Information geometry is one of the most effective tools to investigate stochastic learning models. In it, stochastic learning models are regarded as manifolds in the view of differential geometry. Amari applied it to Boltzmann Machines, which is one of the stochastic learning models. The purpose of this chapter is to apply information geometry to complex-valued Boltzmann Machines. First, we construct the complex-valued Boltzmann Machines. Next, the author describes information geometry. The author will know some important notions of information geometry, exponential families, mixture families, Kullback-Leibler divergence, connections, geodesics, Fisher metrics, potential functions and so on. Finally, they apply information geometry to complex-valued Boltzmann Machines. They will investigate the structure of complex-valued Boltzmann manifold and know the notions of the connections and Fisher metric. Moreover we will get an effective learning algorithm, what is called em algorithm, for complex-valued Boltzmann machines with hidden neurons.
TopIntroduction
These days we can get massive information and it is hard to deal with it without computers. Machine learning is effective for computers to manage massive information. Machine learning uses various learning machine models, for instance, decision trees, Bayesian Networks, Support Vector Machine, Hidden Markov Model, normal mixed distributions, neural networks and so on. Some of them are stochastically constructed.
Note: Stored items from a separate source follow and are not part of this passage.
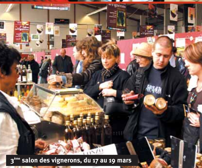
3 ème salon des vignerons, du 17 au 19 mars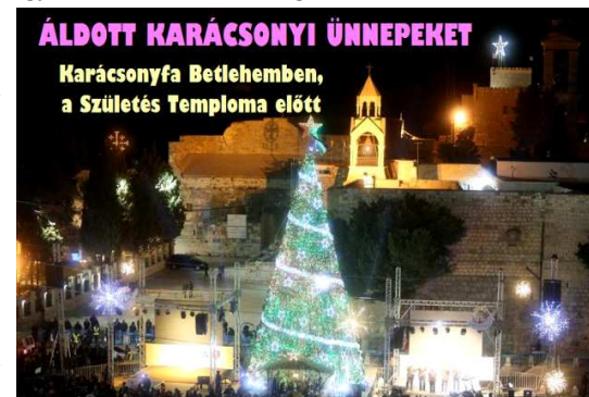
ÁLDOTT KARÁCSONYI ÜNNEPEKET

ADVENT – A karácsonyt megelőzi a négyhetes advent (Úrjövét), ennek első vasárnapjával kezdődik az egyházi év. A karácsony a megígért Megváltó eljövetele, Isten testet öltése Jézus személyében. A Szentírásban ugyan nem szerepel a karácsony szó, de maga az esemény, amit a keresztény világ ilyenkor ünnepele, az nagyon részletesen le van írva. A Máté és a Lukács evangéliuma is hosszan tárgyalja ezt az eseménysort, de a János evangélium eleje is erről szól. Nem véletlen hát, hogy a keresztény világ évszázadok óta megemlékezik erről az eseményről. A Messiás megszületésének megünneplése méltó az újjászületett hívők körében.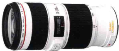
佳能 EF 70-200mm F4L IS USM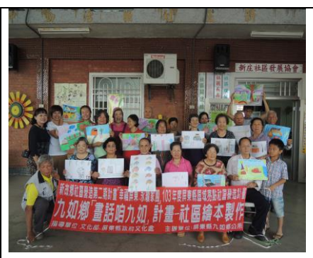
圖 1. 社區居民參與社區地圖繪製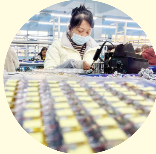
孟州市迪讯电子有限公司智能穿戴设备生产车间，工人在焊接零部件。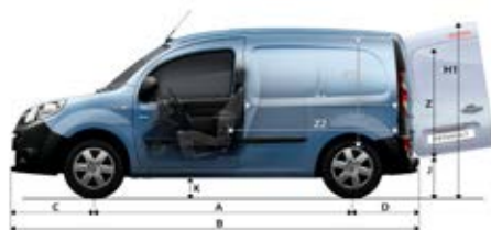
Kangoo Express og Kangoo Z.E.

The neural network is one of the learning machine models. It consists of many units, which are called neurons. We often use binary neurons. Then each neuron takes only two states. The set of neurons, however, takes many states. Various types of neural networks have been proposed. Feed-forward types and symmetric types of neural networks are main models. Feed-forward types of neural networks are often applied to recognize given patterns and are so useful. Symmetric types of neural network are often applied as Associative Memories. The Hopfield Network is one of the most famous models. Boltzmann Machines are stochastic types of Hopfield Networks.
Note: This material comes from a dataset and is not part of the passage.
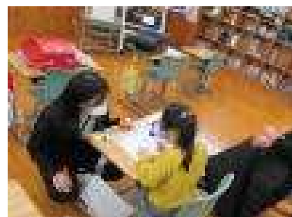
1年 すまいる・ひだまり・きらり・そよかぜ 国語：読んだり書いたりす力が、グングン伸びています

Neurons take only two states in most cases. McEliece, Posner, Rodemich and Venkatech (1987) is a highly recognized critique of the Hopfield memory low capacity. Baldi and Hormik (1989) rigorously showed existence of numerous local minima in objective function for learning a nonlinear perceptron. The presentation capacity of a neuron is too poor. We hope that the neuron models have multi-states. Some researchers have proposed such models. Multi-level neuron is one of them (Zurada, Cloete & Poel, 1996). Complex-valued neurons are also multi-states neuron models. Several models of complex-valued neurons have been proposed, for example, phasor neurons (Noest, 1988a), discrete-state phasor neurons (Noest, 1988b), amplitude-phase type of complex-valued neurons (Hirose, 1992; Kuroe, 2003), real part – imaginary part type of complex-valued neurons (Benvenuto & Piazza, 1992; Nitta & Furuta, 1991; Nitta, 1997) and so on (Nemoto & Kubono, 1996; Nemoto, 2003). In this chapter, we deal with the phasor neurons and the discrete phasor neurons. In this chapter, we call phasor neurons continuous phasor neurons to distinguish them clearly from discrete phasor neurons.
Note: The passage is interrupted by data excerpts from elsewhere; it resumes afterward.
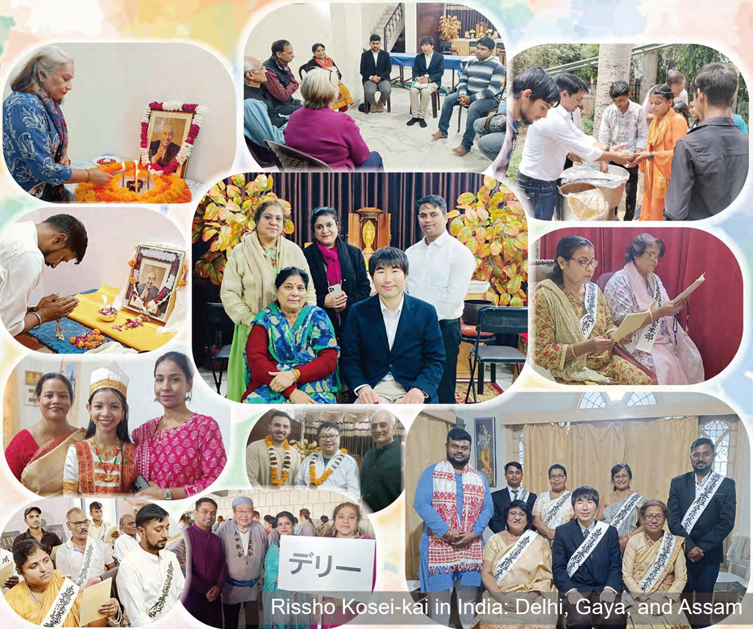
Rissho Kosei-kai in India: Delhi, Gaya, and Assam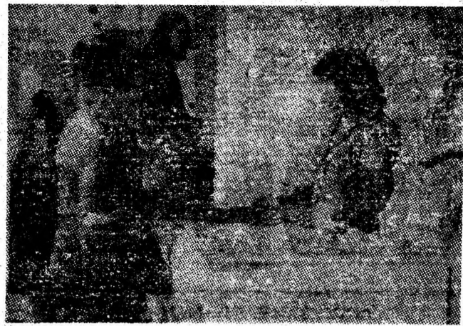
Modernul magazin nr. 102 cu articole pentru copii deschis recent în Vulcan.

În vederea îmbunătățirii sistemului informațional și de luare a unor decizii operative de către conducere, pentru soluționarea în timp optim a defecțiunilor tehnice și tehnologice, la mina Paroșeni a fost realizat un sistem automat de urmărire directă a procesului de producție din subteran și de la su-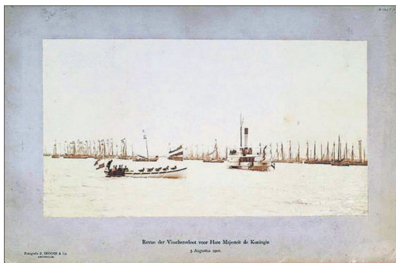
Gezelschap wordt aan boord gebracht.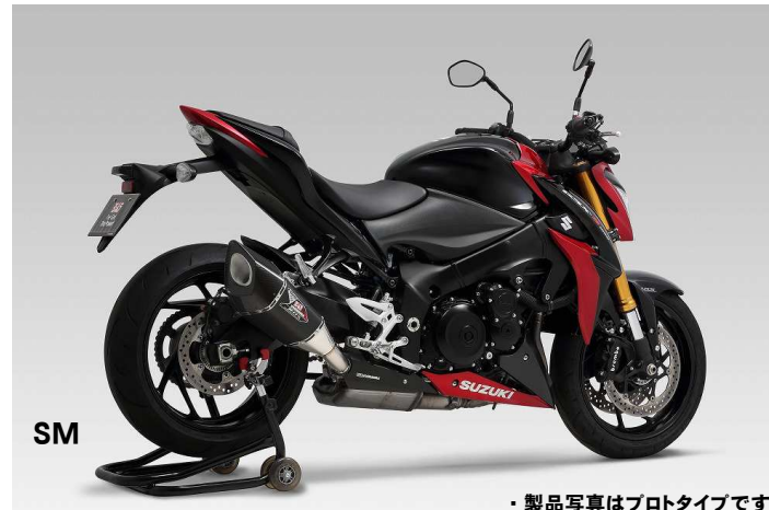
SM ・製品写真はプロタイプです。

ヨシムラサイクロン(レーシングサイクロンは除く)には、製品2年保証がついております。さらにリメイクサービス、マフラーホットライン等のアフターサービスにより、安心してヨシムラサイクロンをご利用いただけます。

Several types of neural networks, feed-forward neural networks, Hopfield Networks and Boltzmann Machines, have been extended to the complex-valued neural networks. Noest proposed complex-valued Hopfield Networks (Noest, 1988a; Noest, 1988b). They are called continuous phasor or discrete phasor neural networks. Hirose proposed back propagation learning algorithms for the amplitude-phase type of complex-valued neural networks (Hirose, 1992). Benvenuto and Piazza (1992) and Nitta and Furuya (1991) independently proposed back propagation learning algorithms for the real part – imaginary part type of complex-valued neural networks. Boltzmann Machines were also extended to the complex-valued Boltzmann Machines (Zemel, Williams & Mozer, 1993; Zemel, Williams & Mozer, 1995). The complex-valued Boltzmann Machines proposed by Zemel et al. (1993) are continuous models. Kobayashi and Yamazaki proposed the discrete version of complex-valued Boltzmann Machines (Kobayashi & Yamazaki, 2003).